- Born: June 14, 1958 New York City, New York, US
- Died: August 3, 2014 (aged 56) St. Petersburg, Florida, US
- Genres: Jazz
- Occupation: Musician
- Instrument: Piano
- Years active: 1970s–2010s

= Kenny Drew Jr. =

American jazz pianist (1958–2014)

Kenny Drew Jr. (June 14, 1958 – August 3, 2014) was an American jazz pianist. His music is known for its hard-swinging bluesy sound and large, two-handed rooty chords contrasting with fast runs. The son of jazz pianist Kenny Drew, he did not credit his father as an influence.

==Biography==
His initial study was in classical music with his aunt and grandmother. In his teens he became interested in jazz and pop, but initially worked in funk bands. Later he went into jazz piano and in 1990 won The Great American Jazz Piano Competition in Jacksonville, Florida. Drew continued to perform jazz, but he also performed some chamber music. His style has some similarities to his father's, but is different enough to generally avoid comparison; he was considered the more eclectic of the two men.

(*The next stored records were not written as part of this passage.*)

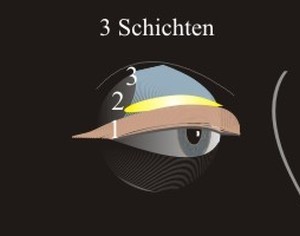 Zwischen der vorderen Hautmuskelschicht (1) und der hinteren Schicht des Lidhebers (3) liegt die mittlere Schicht (2).In diesen Zwischenraum (gelb) kann verschiebliches Gewebe aus der Augenhöhle eindringen.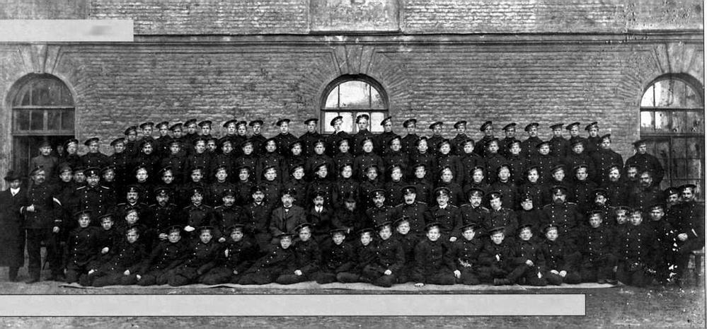 Выпускники кронштадтской Школы юнг. Шестнадцатый справа в третьем ряду Яаак Фелдманне
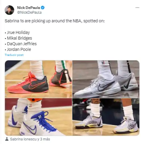 En su perfil de X publicó cuatro pares de zapatillas de la marca de Sabrina que se vió en otros partidos. “Los Sabrina 1 están mejorando en la NBA, vistos en: • Jrue Holiday • Mikal Bridges • DaQuan Jeffries • Jordan Poole”, indicó en su perfil De Paula.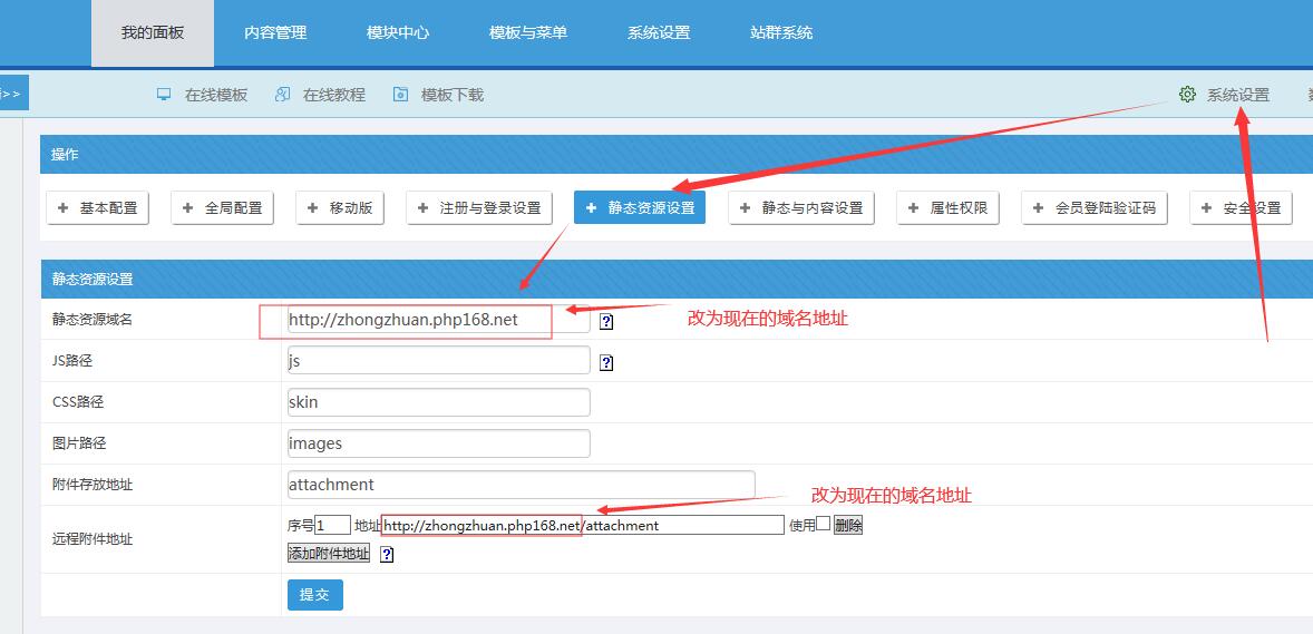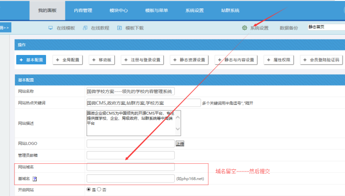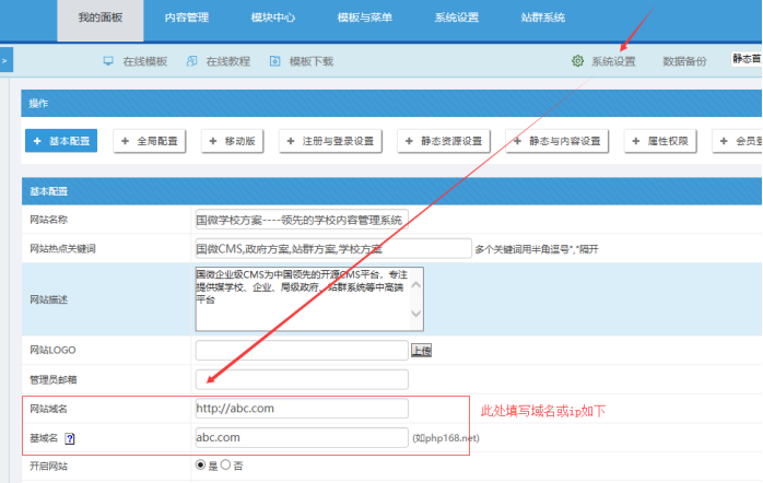 用舊網(wǎng)站后臺(tái)賬號密碼登陸后(或強(qiáng)制登陸后臺(tái)),此處就可以設(shè)置新的網(wǎng)站域名和基域名。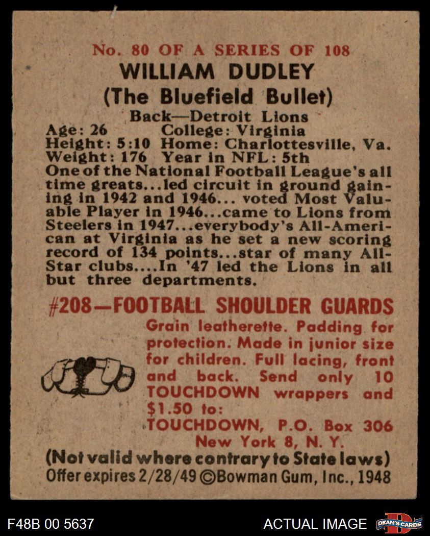 1948 Bowman #80 William Dudley 5 - EX
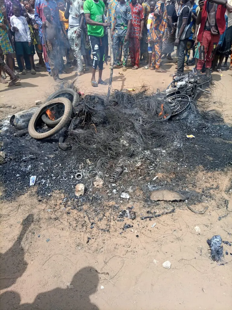 Two suspected ritualists have been set ablaze after being caught with a human head at Oja-Odan, Yewa North Local Government Area of Ogun State.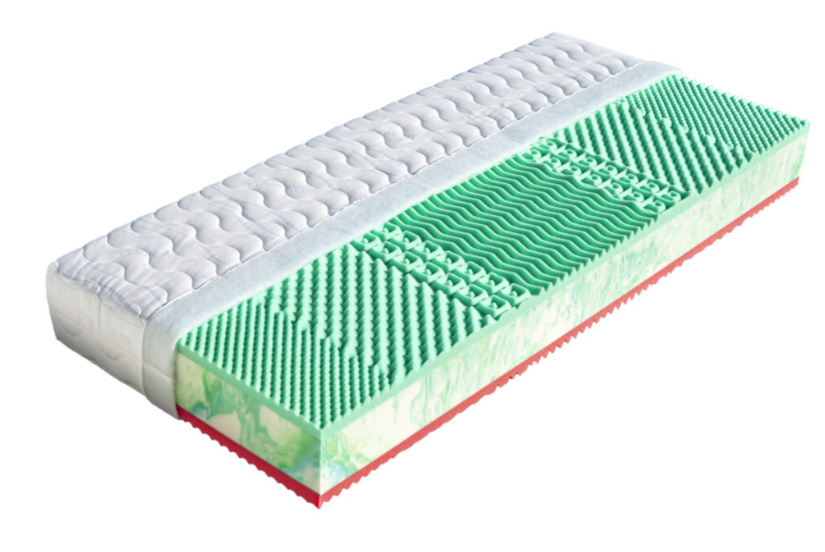 Jádra těchto matrací jsou tvořena pěnou MediFoam (32 kg/m³), která má skvělé podpůrné vlastnosti. Červená ložná plocha je tvořena antibakteriální pěnou tvarovanou do masážních nopů s úpravou Sanitized (32 kg/m³). Jsou vhodné nejen pro alergiky. Jejich druhá strana je tvořena pěnou MediFoam (35 kg/m³), která je taktéž tvarovaná do nopů. Tuto matraci vyrábíme ve třech výškách. Je vhodná pro všechny typy roštů.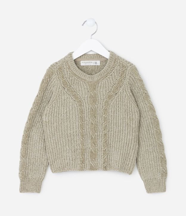 Suéter Infantil em Chenille com Fio Metalizado - Tam 5 a 14 Anos Bege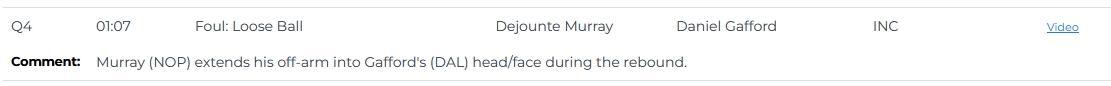 比赛还剩1分07秒,穆雷在抢篮板时将他的非持球手臂伸向加福德的头部/面部,应该判穆雷犯规,这是一次漏判。

Drew attended Iona College in New Rochelle, New York, for a period during 1977 to 1978. There, he became pianist for the Iona College Singers, an entertainment troop promoting the college's name and goodwill among local high schools, retirement homes and the like in the Northeast region of the US.

Drew cited Thelonious Monk as an influence and like Monk often recorded (and performed) solo.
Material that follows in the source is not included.